How much yardage do you take off for a downhill golf shot?
It depends on the severity of the slope. Sometimes it might be a yard or two downhill and not make a big difference. Other times you might have a shot (like some par 3s) with a few hundred feet elevation change.
I always think these shots are harder than uphill shots as it’s more challenging to guess the distance. Not to mention it’s hard to swing with full effort when the target is downhill. If possible, use a rangefinder with slope and always find the best place to miss to avoid hazards.
Lastly, make sure you stick to your pre-shot routine to swing with confidence.
Do elevated greens play longer?
Yes, depending on the severity of the slope, an uphill green plays longer. It’s a good idea to buy a rangefinder with slope as they’ll better help you understand the total distance.
What is the highest golf course elevation in the world?
For years this title has gone to the Yak Golf Course in India which has an elevation of more than 13,000 feet. The golf course, which is located on an Indian Army base, is about 6,000 yards which is pretty short from the tips – especially at elevation.

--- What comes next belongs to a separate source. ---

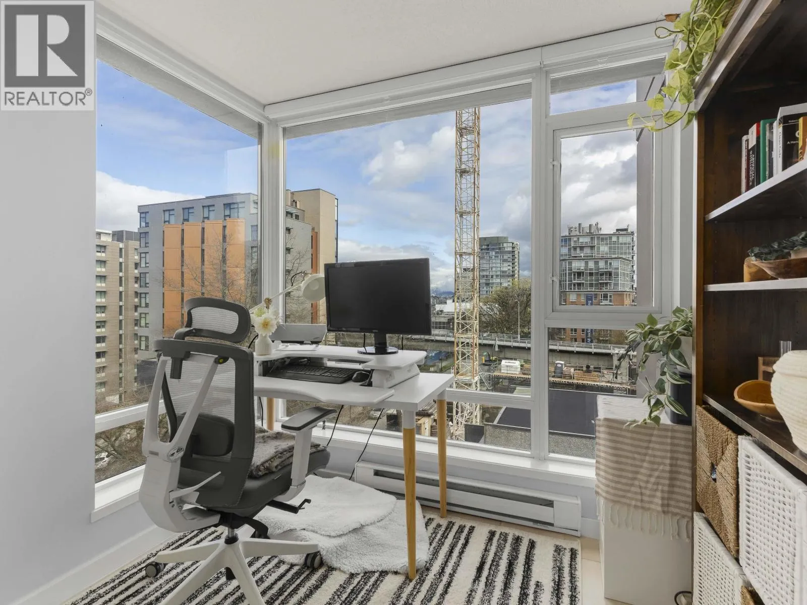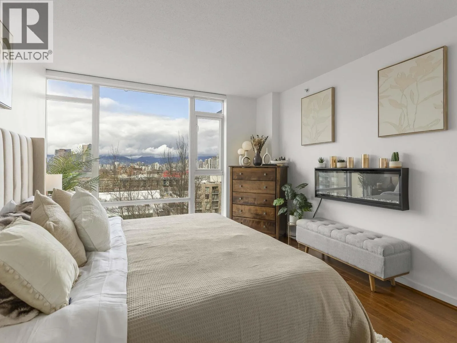 Rare offering at Virtu. Corner 2 bed, 2 bath + den and flex home with southeast exposure and sweeping city, water, and North Shore mountain views through floor-to-ceiling windows. Bright, well-designed layout with excellent bedroom separation. Open-concept living/dining flows to a generous view balcony, ideal for everyday living and entertaining. Kitchen features full-size SS appliances, gas cooktop, stone counters, and

But Golf Digest recently found Mustang Golf Course at an astonishing 15,239 feet. While technically considered a golf course, if you check out the pictures/videos you’ll see it’s more lush vegetation than a well-kept golf course.
Playing golf at elevation is a ton of fun and leads to some long drives, but takes some getting used too. It’s not always easy to trust your clubs going a club or two further than normal. Since the air is so thin, the ball travels longer than ever.

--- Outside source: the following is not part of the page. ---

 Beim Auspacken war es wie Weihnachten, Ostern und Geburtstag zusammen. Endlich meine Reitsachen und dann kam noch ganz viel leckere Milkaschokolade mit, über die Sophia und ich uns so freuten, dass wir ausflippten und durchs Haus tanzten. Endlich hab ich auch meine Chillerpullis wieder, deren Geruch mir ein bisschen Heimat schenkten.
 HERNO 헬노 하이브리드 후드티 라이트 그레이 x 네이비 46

Changing from high elevation to lower elevation is much more challenging though. For example, if you live at elevation and have to travel to a course at sea level, golf will feel much more difficult. The golf ball won’t travel nearly as far which can lead to ending up short of the green and having a more difficult time to score well.
Final Thoughts on Altitude in Golf
Playing golf at altitude will impact your game overnight.
Since the air is thinner, the ball goes longer and also straighter… every golfer’s dream. Altitude impacts longer shots much more than shorter ones so make sure to plan accordingly with a solid tee box strategy.
For shorter shots and greenside shots, altitude won’t play as big of a factor. Since the ball isn’t in the air as long it won’t impact the flight… but it could have a lower trajectory.
Needless to say, there is a lot to think about when it comes to playing golf at different altitudes. Always check the elevation and update your distance chart to pick the right club for any shot. Plus, don’t forget to factor in wind, temperature, and other factors as well.